An appeal claiming that the repeal of Sunday parking meters is an action that requires environmental review under the California Environmental Quality Act is baseless, according to responses issued by the SFMTA and Planning Department this week.

Photo: Aaron Bialick

The appeal, filed by Livable City and the SF Transit Riders Union, is set for a hearing and vote at the Board of Supervisors on Tuesday. The board will not vote not on the merits of running parking meters on Sundays. Instead, the board will vote on whether CEQA would require an environmental impact report for the SFMTA’s new budget, which directs the agency to stop charging for meters on Sundays. The supervisors’ decision is expected to be largely informed by the recommendations of the SFMTA and the Planning Department.

The policy change is expected to remove $11 million per year in transit funding, as well as double the average time that drivers take to find commercial parking spaces on Sundays, according to an SFMTA study [PDF] of the benefits that Sunday meters garnered in their first year. The appellants argue that impacts like increased traffic congestion and pollution, reduced parking turnover for businesses, and lost transit funding warrant an EIR.

“Our appeal insists that CEQA doesn’t allow an exemption for lowering of parking fees, when such an action would clearly impact the environment,” said Mario Tanev of SFTRU.

But the SFMTA maintains that the act of removing fees (e.g., Sunday meter fees) fits within a CEQA exemption meant to allow for speedy municipal budget balancing.
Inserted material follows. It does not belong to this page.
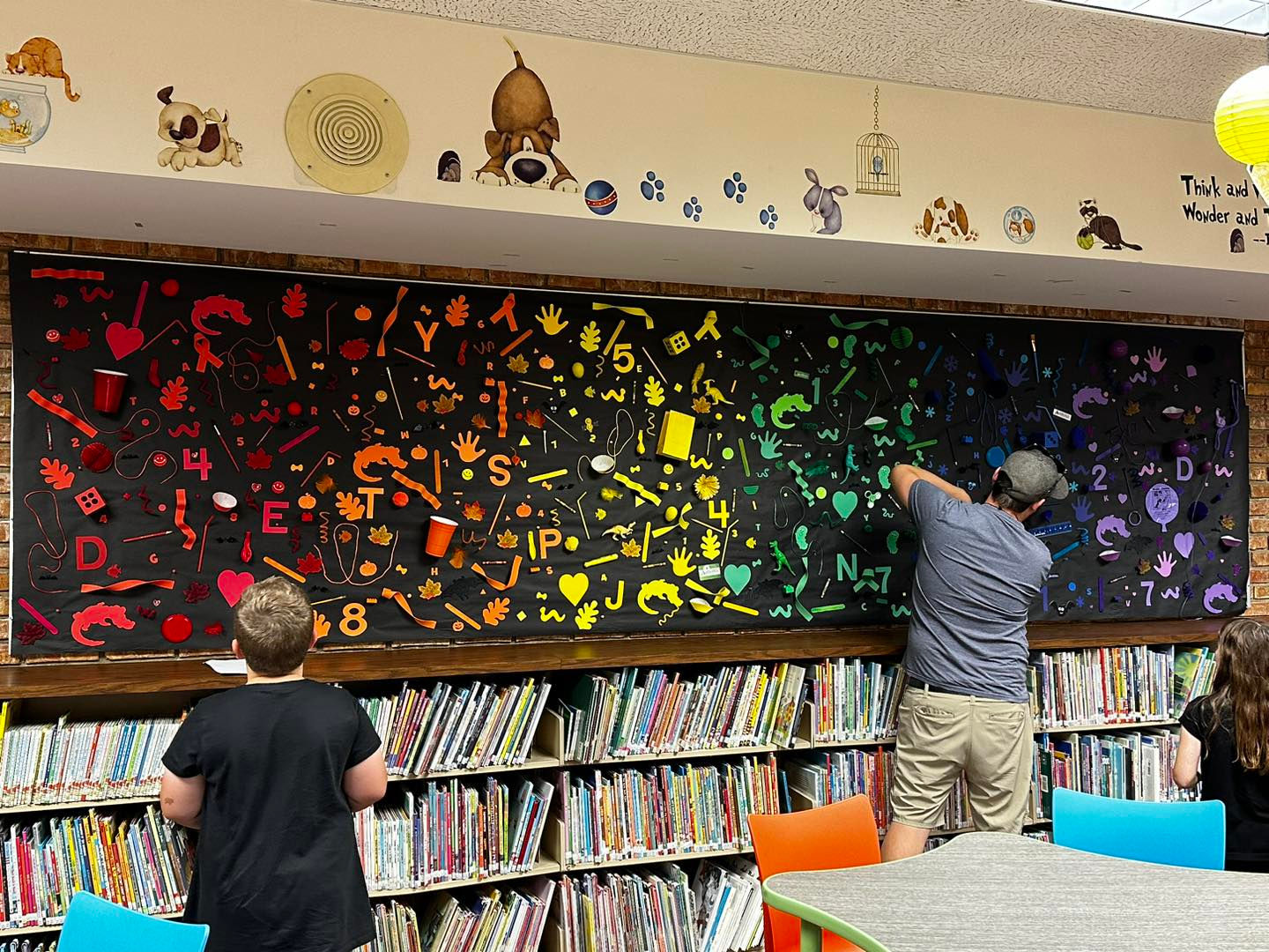 Our library sees about 40-50 kids in the Children’s Department each day after school. The circulation desk is scheduled with one librarian after school. There is a constant line of kids who have questions, need to check-out materials, want to get on a computer, etc. Keeping that many kids occupied or engaged is challenging, so I had to up our passive programming game to satisfy the need for restless kids who have been sitting all day long, quietly.

The agency argued in its memo [PDF] that the loss of $11 million is not of significant impact because Muni fares, parking ticket fines, and parking permit fees for construction contractors were increased to make up for it:

Even though the SFMTA’s decision to eliminate Sunday parking meter enforcement may have a budgetary impact through the loss of some parking meter citation fines and fees, the SFMTA Budget raises many other rates, fees, and charges which more than offsets the reduction in revenue from operating parking meters on Sundays.

“SFMTA’s crass excuse is that because they also raised the Fast Pass and Muni cash fare, it all balances out,” said Tanev. “It balances out on the back of riders, by their own admission.” Over the next two years, monthly Fast Passes will get nine percent more expensive, while downtown parking fines will increase five percent and annual contractor parking permits will increase by two percent.

The Planning Department, meanwhile, declared that the “SFMTA is not required to analyze the potential impacts to traffic and air quality which are concerns raised by the appellants” because the budget is “statutorily exempt under CEQA,” and thus “no further environmental review is required, regardless of the possibility of environmental impacts.”

The SFMTA’s study “does not constitute substantial evidence of any significant adverse impact on the environment,” the Planning Department’s environmental review officer, Sarah Jones, wrote in a memo [PDF]. “Further, this study is not an environmental review document prepared for the purpose of studying the environmental effects of eliminating parking meter enforcement on Sundays.”

“Even if the environmental impacts of eliminating parking meter enforcement on Sundays were required to be evaluated under CEQA, eliminating Sunday parking meter enforcement is unlikely to have significant environmental impacts,” Jones wrote. “The SFMTA’s decision not to collect parking meter fees on Sundays does not result in any direct physical change in the environment. Any indirect impacts would be speculative and varied; for example, with less parking turnover and less availability, some individuals might choose to avoid automobile use.”

At a forum on transportation issues hosted by the SF Bay Guardian yesterday, Supervisor Scott Wiener was asked for his stance on the appeal. Although he said he was “critical” of the Sunday meter removal for taking funds from Muni and reducing parking turnover, the Board of Supervisors would only “make a decision on whether CEQA was violated, as we do with every CEQA appeal.”

Notably, the board rejected a CEQA appeal in April which claimed that the SFMTA’s pilot program to test private shuttle regulations required a review.